-- Material to process follows --

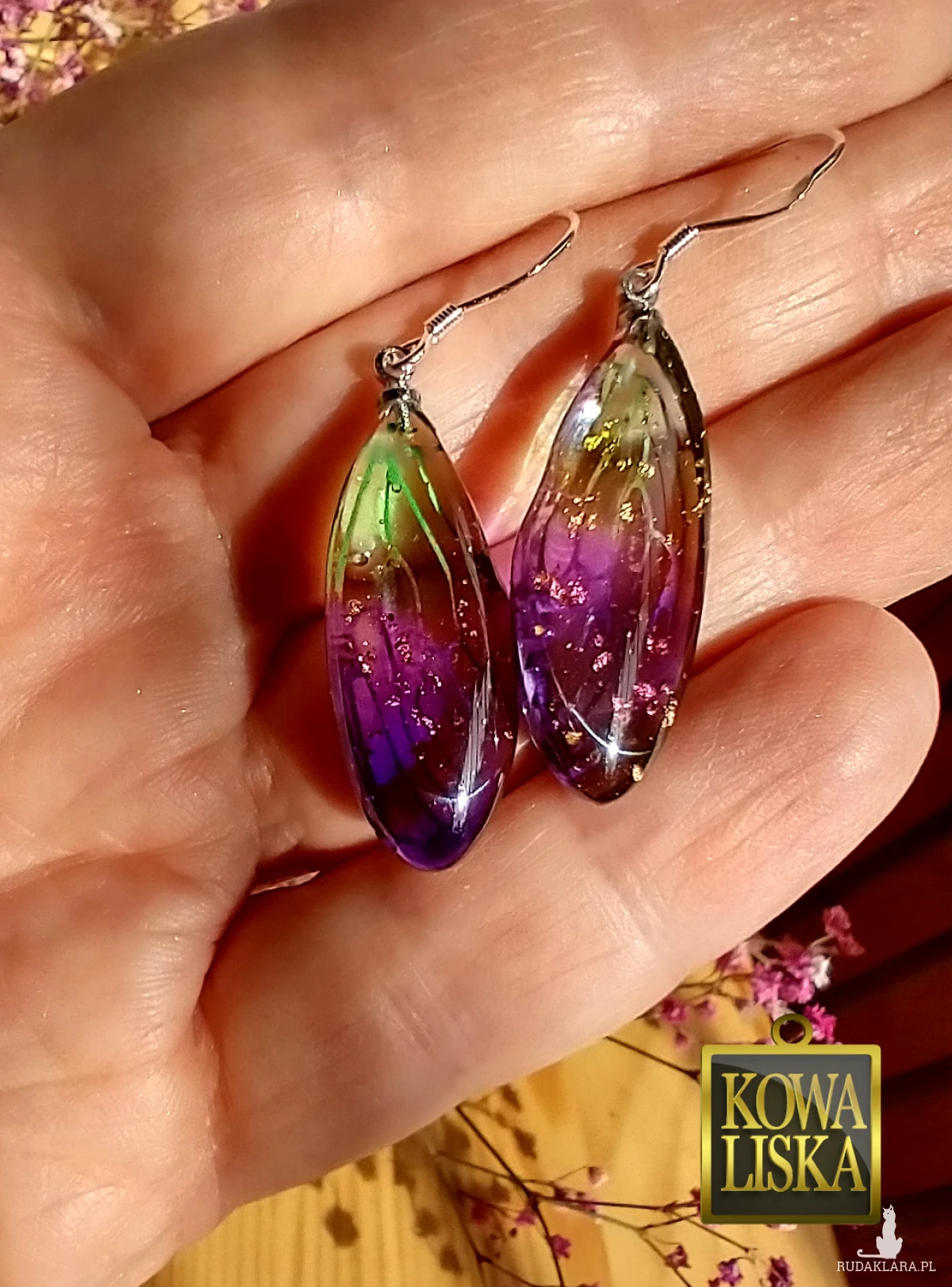 Śliczne, nieduże kolczyki imitujące owadzie skrzydełka.
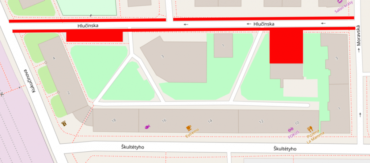 V utorok 21. 7. 2020 bude od 7.00 do 15.00 h zákaz parkovania na úseku: Hlučínská ulica (viď mapka - medzi Kukučínovou a Moravskou ulicou)
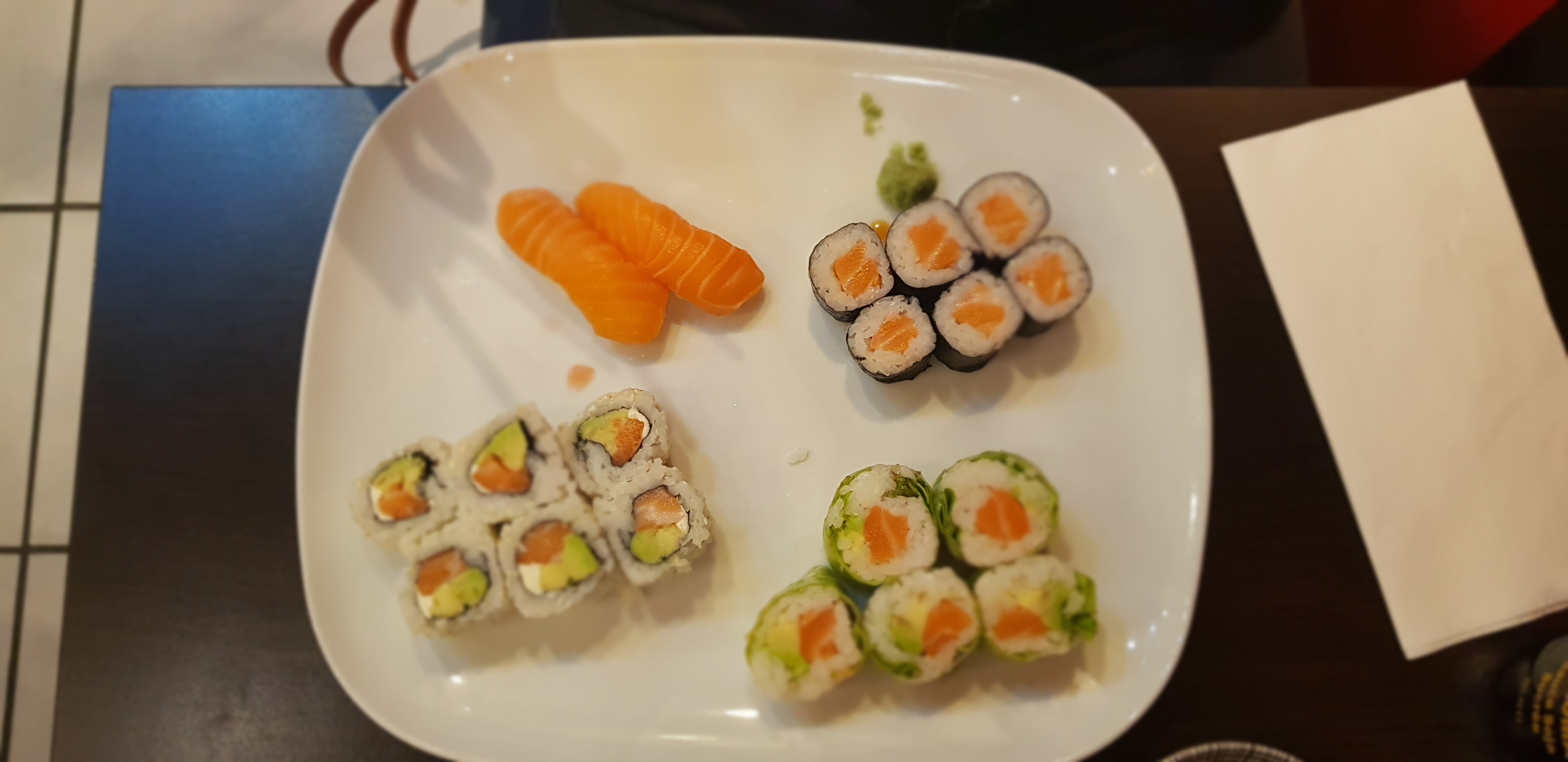 Excellent, rapide, personnel très gentil et professionnel, en prime un cadre dépaysant, on se croit au Japon. Le rolls Tora une merveille, les sushis fondants. Merci
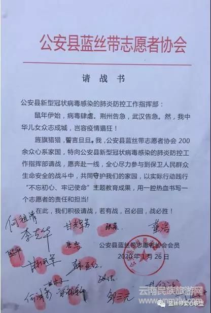 云南民族旅游網(wǎng)訊:2020年1月,新型冠狀病毒引發(fā)的肺炎疫情開(kāi)始蔓延。危難之際,公安縣“藍(lán)絲帶”志愿者協(xié)會(huì)會(huì)長(zhǎng)、支部副書(shū)記甘輝芳來(lái)到縣疫情防控指揮部,遞上會(huì)員們簽字按著紅指印的請(qǐng)戰(zhàn)書(shū),用一腔熱血書(shū)寫(xiě)了他們的責(zé)任和擔(dān)當(dāng)。短時(shí)間內(nèi),在黨員的帶領(lǐng)下,廣大會(huì)員紛紛行動(dòng)起來(lái),奔赴疫情一線(xiàn)陣地。
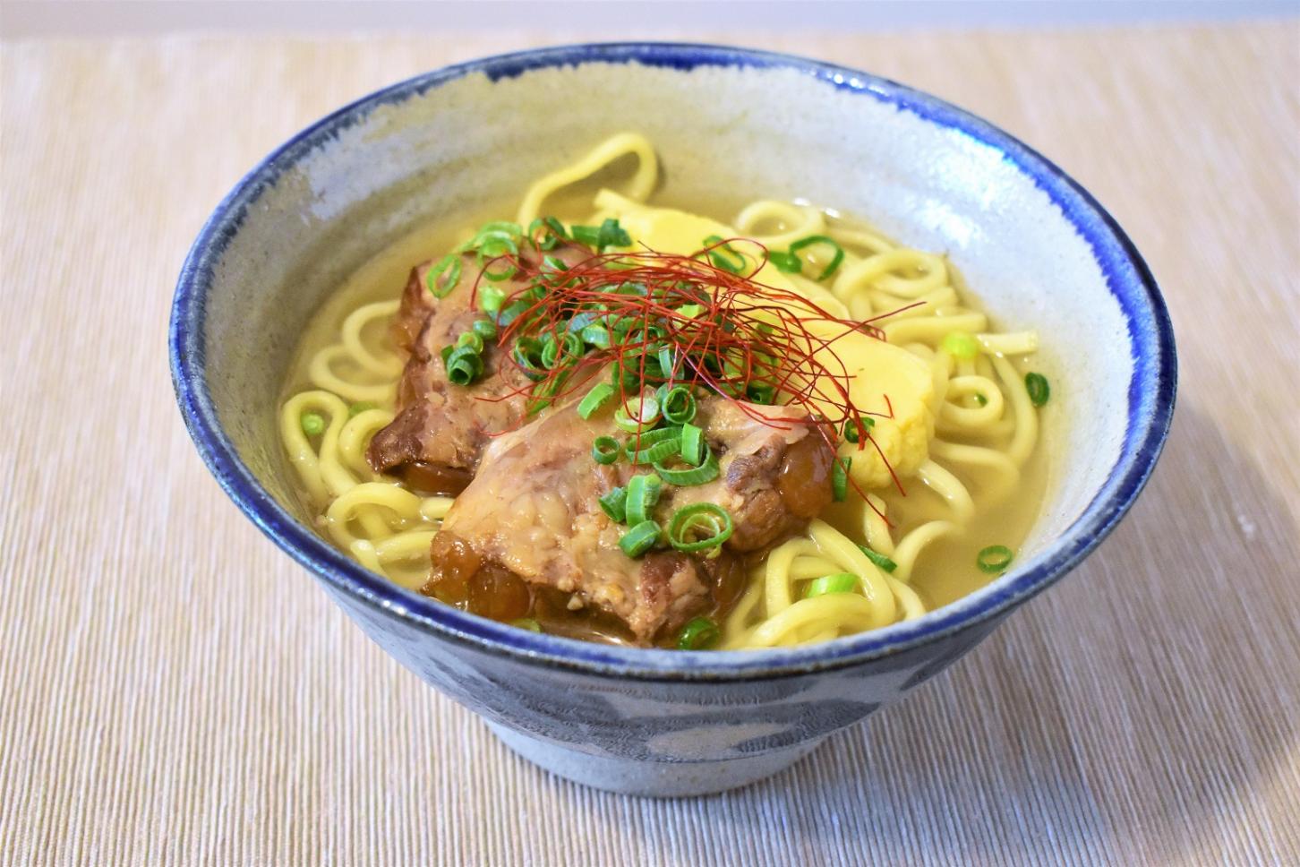 甘辛く煮たソーキ(豚の骨付きあばら肉)や三枚肉(豚バラ肉)、かまぼこ、ねぎなどをのせた沖縄では頻繁に食べられている沖縄そばは、そばに蕎麦粉が使われておらず、小麦粉100%で作られています。
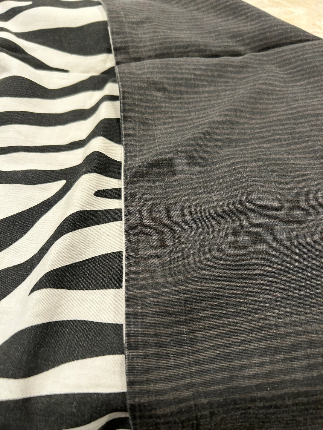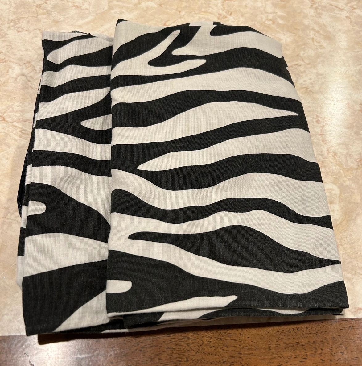 1000+These pillow shams are made of a soft and stretchy fabric. They have a zebra print, a black zipper and dark gray back.
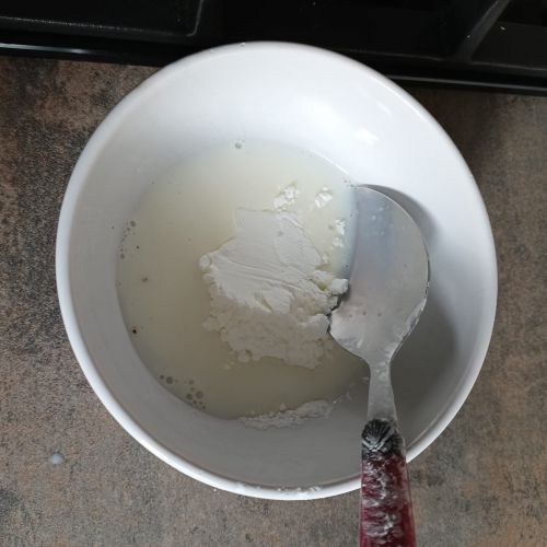 Dans un ramequin, mélanger 20 g de maïzena avec 2 cuillères à soupe prélevées sur les 30 cl de la casserole.

-- Material to process concluded --

> _What you should do_: Give back, exactly and without pictures, the stretch of the records above from the line containing "V utorok 21." through the line containing "Excellent, rapide, personnel", with both end lines included.

> _Written solution_:
 V utorok 21. 7. 2020 bude od 7.00 do 15.00 h zákaz parkovania na úseku: Hlučínská ulica (viď mapka - medzi Kukučínovou a Moravskou ulicou)
 Excellent, rapide, personnel très gentil et professionnel, en prime un cadre dépaysant, on se croit au Japon. Le rolls Tora une merveille, les sushis fondants. Merci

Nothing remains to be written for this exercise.